──────── Information shown ────────
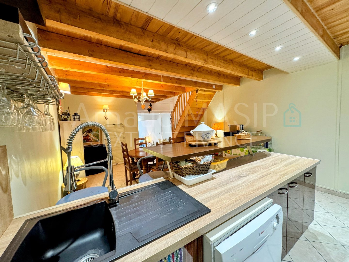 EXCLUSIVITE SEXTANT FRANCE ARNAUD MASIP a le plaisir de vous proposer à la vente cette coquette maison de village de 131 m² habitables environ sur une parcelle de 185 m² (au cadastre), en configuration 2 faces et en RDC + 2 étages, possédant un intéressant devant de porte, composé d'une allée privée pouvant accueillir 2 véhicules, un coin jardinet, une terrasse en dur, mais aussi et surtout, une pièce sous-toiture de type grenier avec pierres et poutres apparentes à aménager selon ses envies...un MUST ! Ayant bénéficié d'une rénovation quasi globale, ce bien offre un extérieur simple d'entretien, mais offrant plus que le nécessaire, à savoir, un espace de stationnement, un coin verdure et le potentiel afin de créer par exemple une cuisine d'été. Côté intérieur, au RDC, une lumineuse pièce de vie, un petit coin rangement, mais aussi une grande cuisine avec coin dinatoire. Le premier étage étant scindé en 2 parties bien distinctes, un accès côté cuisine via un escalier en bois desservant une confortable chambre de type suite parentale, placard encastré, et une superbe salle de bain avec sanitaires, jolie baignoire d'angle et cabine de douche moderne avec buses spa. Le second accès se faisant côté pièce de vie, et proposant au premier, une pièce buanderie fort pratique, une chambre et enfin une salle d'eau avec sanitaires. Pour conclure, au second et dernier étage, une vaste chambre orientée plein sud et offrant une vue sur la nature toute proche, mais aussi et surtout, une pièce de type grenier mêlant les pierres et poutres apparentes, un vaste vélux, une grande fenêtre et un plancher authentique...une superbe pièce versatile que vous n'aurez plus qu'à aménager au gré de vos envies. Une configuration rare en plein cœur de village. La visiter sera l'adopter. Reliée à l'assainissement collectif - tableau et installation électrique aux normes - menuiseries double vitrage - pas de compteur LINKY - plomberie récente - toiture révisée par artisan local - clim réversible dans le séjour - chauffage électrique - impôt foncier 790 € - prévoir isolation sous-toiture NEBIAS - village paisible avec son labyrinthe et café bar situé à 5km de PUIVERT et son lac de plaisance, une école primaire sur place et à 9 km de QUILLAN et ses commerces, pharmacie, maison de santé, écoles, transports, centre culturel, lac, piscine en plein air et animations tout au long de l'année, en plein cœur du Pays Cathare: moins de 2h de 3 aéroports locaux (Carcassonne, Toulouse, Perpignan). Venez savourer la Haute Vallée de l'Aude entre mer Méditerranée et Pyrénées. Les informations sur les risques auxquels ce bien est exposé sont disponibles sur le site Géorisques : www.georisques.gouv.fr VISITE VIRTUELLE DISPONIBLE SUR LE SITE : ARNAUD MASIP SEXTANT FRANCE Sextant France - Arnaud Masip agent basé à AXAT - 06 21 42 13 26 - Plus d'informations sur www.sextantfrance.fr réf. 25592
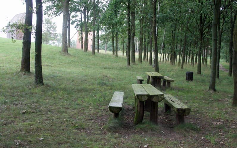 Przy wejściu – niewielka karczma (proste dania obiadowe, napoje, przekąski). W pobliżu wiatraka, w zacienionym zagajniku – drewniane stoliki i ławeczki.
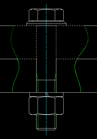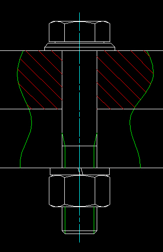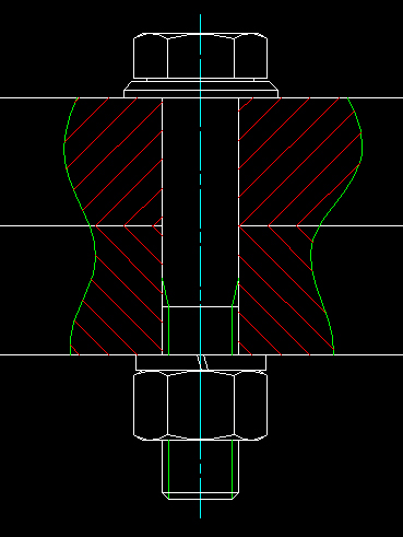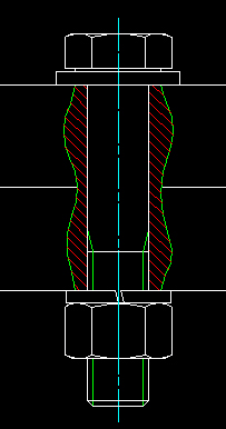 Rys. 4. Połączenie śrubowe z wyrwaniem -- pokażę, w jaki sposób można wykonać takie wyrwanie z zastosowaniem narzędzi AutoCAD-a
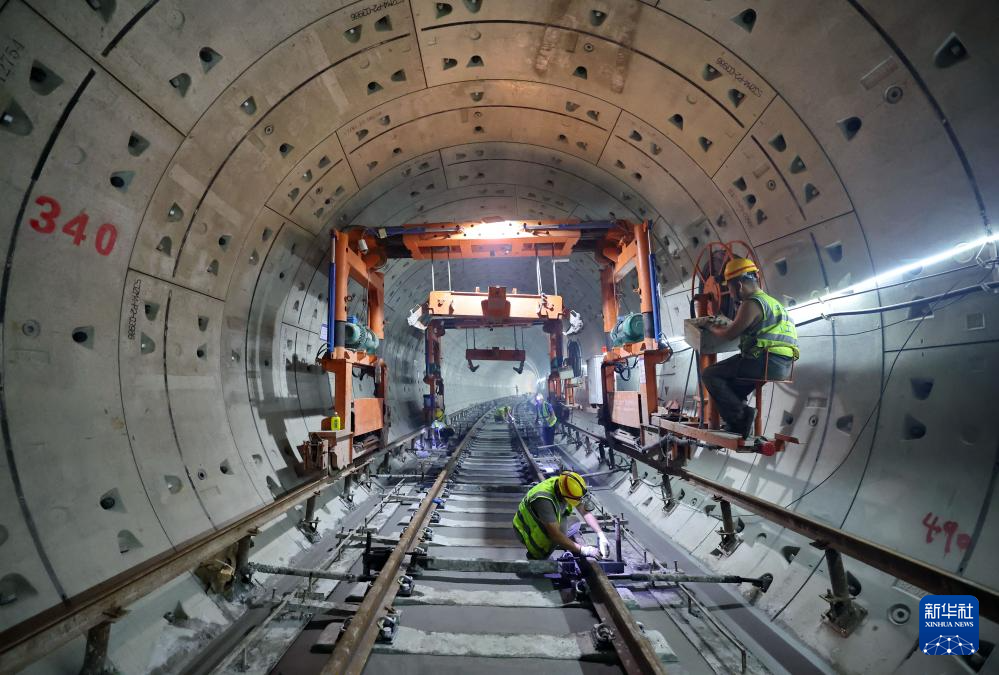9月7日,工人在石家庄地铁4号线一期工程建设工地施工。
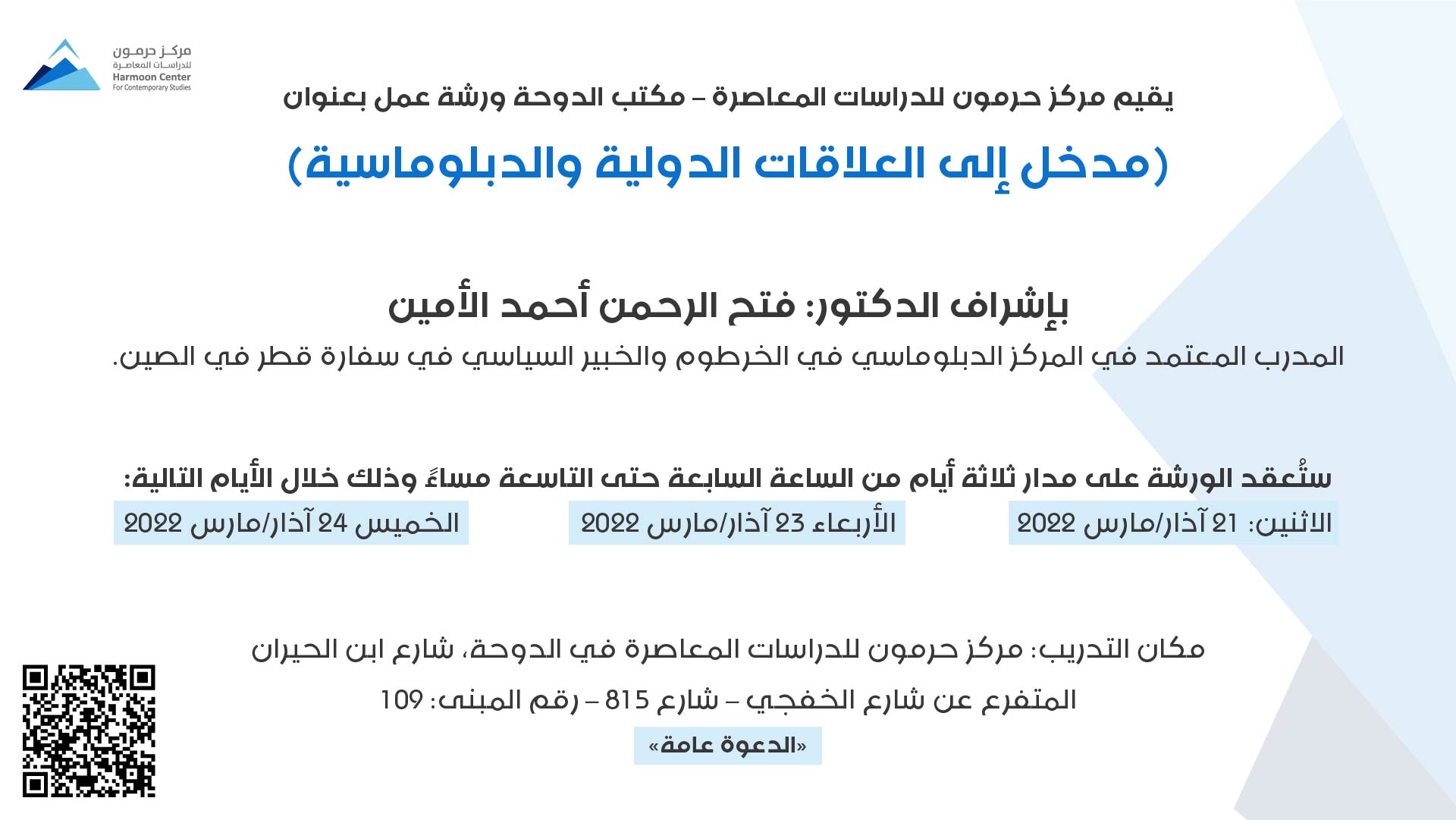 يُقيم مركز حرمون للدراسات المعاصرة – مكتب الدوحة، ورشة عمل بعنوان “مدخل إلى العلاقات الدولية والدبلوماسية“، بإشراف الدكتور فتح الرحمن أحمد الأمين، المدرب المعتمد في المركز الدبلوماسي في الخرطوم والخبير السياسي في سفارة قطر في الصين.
────────
→ Task brief
Set the material above down again word for word. Include none of its pictures.

→ Response area
 EXCLUSIVITE SEXTANT FRANCE ARNAUD MASIP a le plaisir de vous proposer à la vente cette coquette maison de village de 131 m² habitables environ sur une parcelle de 185 m² (au cadastre), en configuration 2 faces et en RDC + 2 étages, possédant un intéressant devant de porte, composé d'une allée privée pouvant accueillir 2 véhicules, un coin jardinet, une terrasse en dur, mais aussi et surtout, une pièce sous-toiture de type grenier avec pierres et poutres apparentes à aménager selon ses envies...un MUST ! Ayant bénéficié d'une rénovation quasi globale, ce bien offre un extérieur simple d'entretien, mais offrant plus que le nécessaire, à savoir, un espace de stationnement, un coin verdure et le potentiel afin de créer par exemple une cuisine d'été. Côté intérieur, au RDC, une lumineuse pièce de vie, un petit coin rangement, mais aussi une grande cuisine avec coin dinatoire. Le premier étage étant scindé en 2 parties bien distinctes, un accès côté cuisine via un escalier en bois desservant une confortable chambre de type suite parentale, placard encastré, et une superbe salle de bain avec sanitaires, jolie baignoire d'angle et cabine de douche moderne avec buses spa. Le second accès se faisant côté pièce de vie, et proposant au premier, une pièce buanderie fort pratique, une chambre et enfin une salle d'eau avec sanitaires. Pour conclure, au second et dernier étage, une vaste chambre orientée plein sud et offrant une vue sur la nature toute proche, mais aussi et surtout, une pièce de type grenier mêlant les pierres et poutres apparentes, un vaste vélux, une grande fenêtre et un plancher authentique...une superbe pièce versatile que vous n'aurez plus qu'à aménager au gré de vos envies. Une configuration rare en plein cœur de village. La visiter sera l'adopter. Reliée à l'assainissement collectif - tableau et installation électrique aux normes - menuiseries double vitrage - pas de compteur LINKY - plomberie récente - toiture révisée par artisan local - clim réversible dans le séjour - chauffage électrique - impôt foncier 790 € - prévoir isolation sous-toiture NEBIAS - village paisible avec son labyrinthe et café bar situé à 5km de PUIVERT et son lac de plaisance, une école primaire sur place et à 9 km de QUILLAN et ses commerces, pharmacie, maison de santé, écoles, transports, centre culturel, lac, piscine en plein air et animations tout au long de l'année, en plein cœur du Pays Cathare: moins de 2h de 3 aéroports locaux (Carcassonne, Toulouse, Perpignan). Venez savourer la Haute Vallée de l'Aude entre mer Méditerranée et Pyrénées. Les informations sur les risques auxquels ce bien est exposé sont disponibles sur le site Géorisques : www.georisques.gouv.fr VISITE VIRTUELLE DISPONIBLE SUR LE SITE : ARNAUD MASIP SEXTANT FRANCE Sextant France - Arnaud Masip agent basé à AXAT - 06 21 42 13 26 - Plus d'informations sur www.sextantfrance.fr réf. 25592
 Przy wejściu – niewielka karczma (proste dania obiadowe, napoje, przekąski). W pobliżu wiatraka, w zacienionym zagajniku – drewniane stoliki i ławeczki.
 Rys. 4. Połączenie śrubowe z wyrwaniem -- pokażę, w jaki sposób można wykonać takie wyrwanie z zastosowaniem narzędzi AutoCAD-a
9月7日,工人在石家庄地铁4号线一期工程建设工地施工。
 يُقيم مركز حرمون للدراسات المعاصرة – مكتب الدوحة، ورشة عمل بعنوان “مدخل إلى العلاقات الدولية والدبلوماسية“، بإشراف الدكتور فتح الرحمن أحمد الأمين، المدرب المعتمد في المركز الدبلوماسي في الخرطوم والخبير السياسي في سفارة قطر في الصين.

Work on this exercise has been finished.